Each commit message is tested against tiers in order. The first match wins.

**Tier 1 — Exact (Aho-Corasick)**: builds a single finite-state machine from all keyword lists across all rules, then scans the message in O(n) time. Matches `feat:`, `fix:`, `chore:`, etc. Confidence: 0.85–0.95.

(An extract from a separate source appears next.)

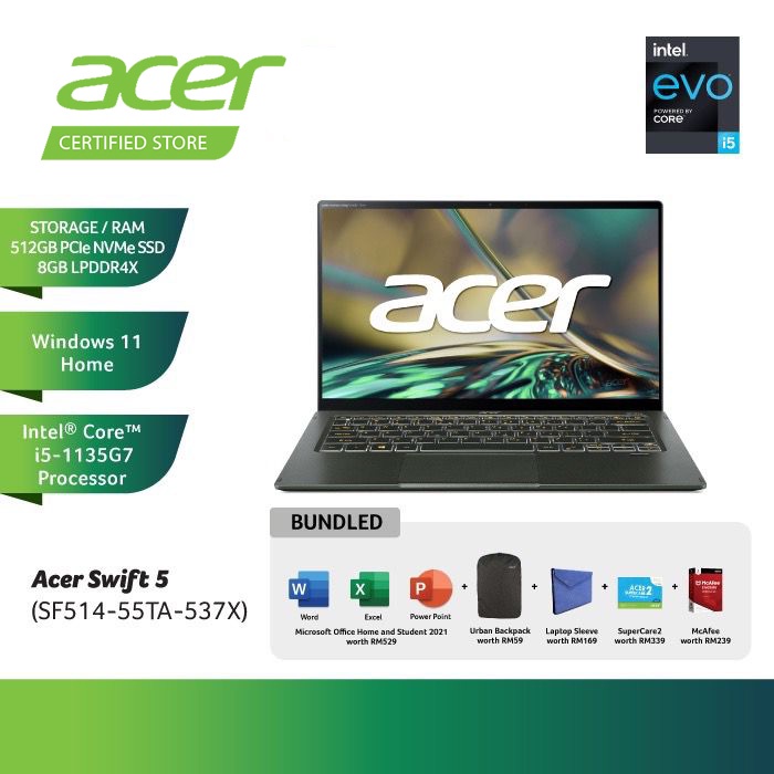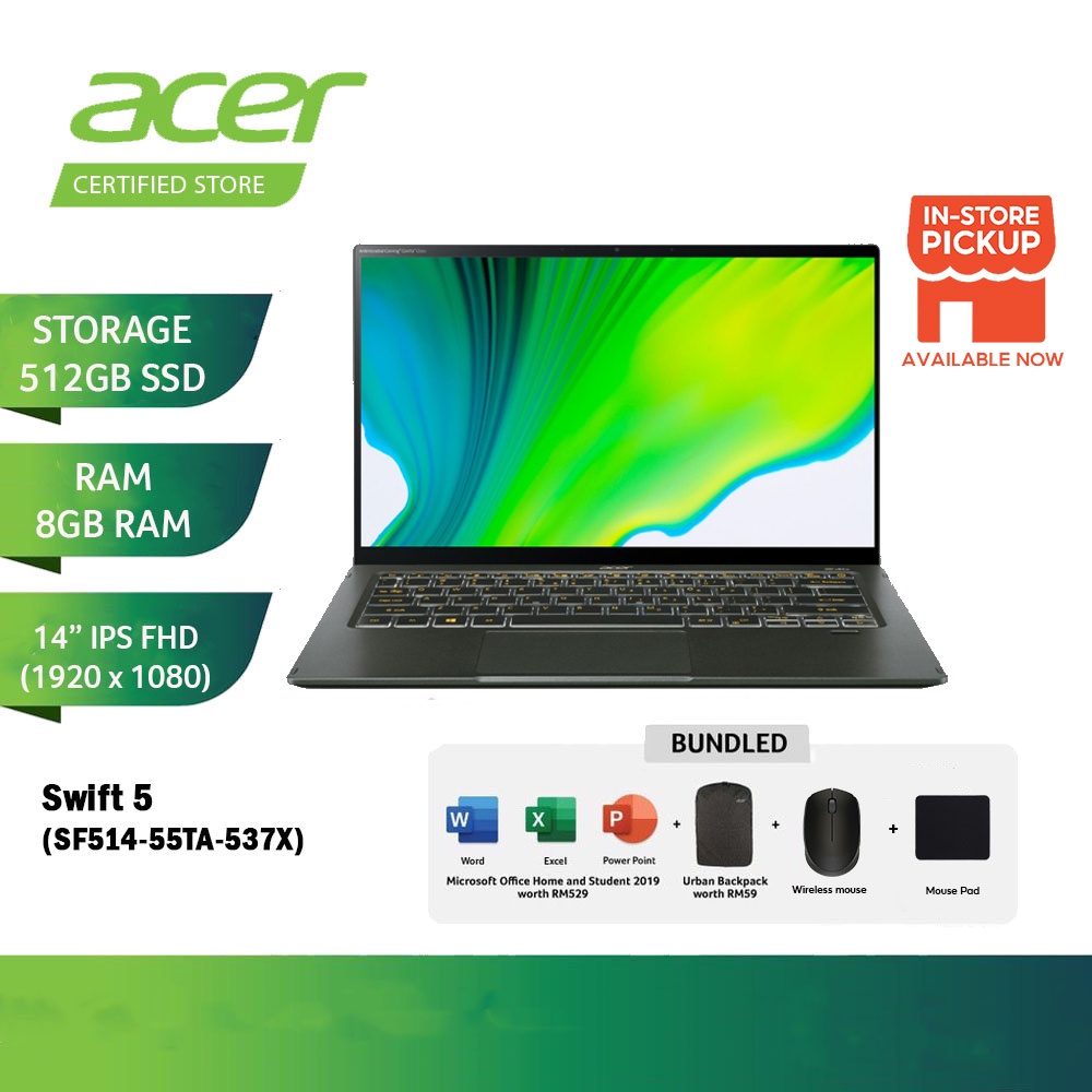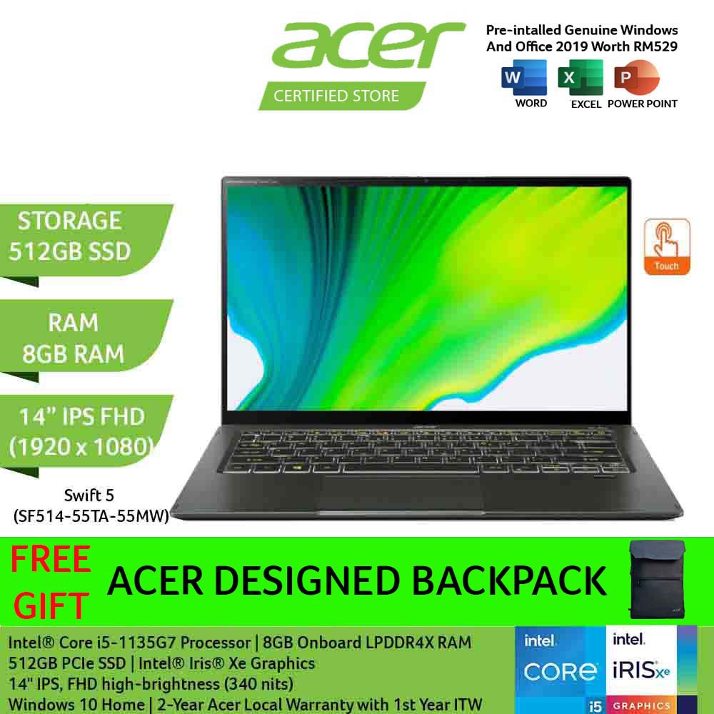 Acer Swift 5 SF514-55TA-537X Touch Screen Laptop - Green (14"/I5-1135G7/8GD4 512SSD/With Office OPI)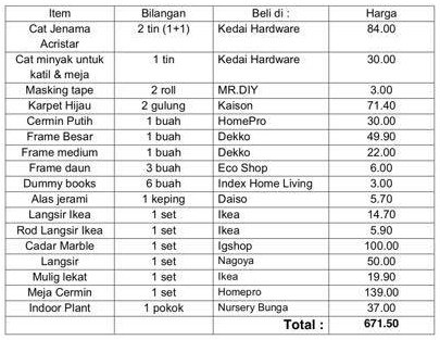 Inilah bajet penuhnya. Pricey juga pada saya sebab saya tukar cat, beli cadar dan langsir baru. Kalau encik/cik nak guna apa yang dah ada, mesti jauh lebih murah. Selamat mencuba!

**Tier 2 — Regex**: applies pre-compiled regex patterns from rules. Handles anchored conventional-commit patterns (`^feat(\([^)]*\))?!?:`) and JIRA ticket IDs (`\b[A-Z][A-Z0-9]+-\d+\b`).

**Tier 3 — Fuzzy heuristics**: detects merge commits (via `is_merge` flag or "Merge pull request" prefix) and reverts (via "Revert" prefix). No external dependencies.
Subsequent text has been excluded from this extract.